In general, is there something one can say about $x$ and $y$ if for any $n \in \mathbb{N}$ the element $y^n$ divides $x$, i.e., there is a $z_n$ such that $x = y^n \cdot z_n$?
In certain concrete monoids the following possibilities appear.
- $x$ is a zero element, that is, $x \cdot z = x$ for all $z$
- $y$ must be idempotent (e.g., natural numbers, non-negative rationals under addition, non-negative reals under addition ...)
- $y$ is invertible (any group)
What other possibilities are there, if any, and can one say something meaningful about commutative monoids where if $x$ and $y$ satisfy the condition above then either $x$ is a zero element or $y$ is idempotent?
Of course such a monoid cannot have non-idempotent invertible elements.
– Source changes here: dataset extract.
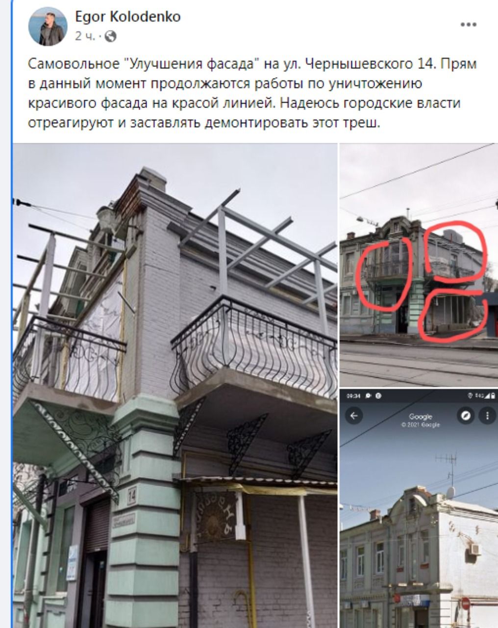 Мужчина сообщает, что продолжается самовольное "улучшение фасада" двухэтажного дома №14, что неподалеку от "Нагорки". Таким образом уничтожается красивый фасад исторического здания. Мужчина надеется, что городская власть отреагирует на это безобразие.

Recall that an epigroup (also called group-bound semigroup) is a semigroup in which every element has a power that belongs to a subgroup. Note that the identity of the subgroup is an idempotent which is not required to be an identity for the semigroup.
Let $S$ be an epigroup and let $x \in S$. Then some power of $x$, say $x^n$, belongs to group $G$ with identity $e_x$. Note that $e_x$ is entirely determined by $x$. Indeed, suppose that $x^m$ belongs to some group $H$ with identity $e$. Then $x^{nm} \in G \cap H$ and thus $e_x = e$.
Now, I claim that $y^n$ divides $e_y$ for all $n \geqslant 0$. Indeed, since $S$ is an epigroup, there exists $k > 0$ such that $y^k$ belongs to a group $G$ with identity $e_y$. Let us choose $q$ and $r$ such that $n = kq - r$ with $q > 0$ and $r \geqslant 0$. Then $y^ny^r = y^{kq} = (y^k)^q \in G$ and thus $y^n$ divides $y^ny^r$ which divides $e_y$.
It follows that $y^n$ divides $x$ for all $n \geqslant 0$ if and only if $e_y$ divides $x$.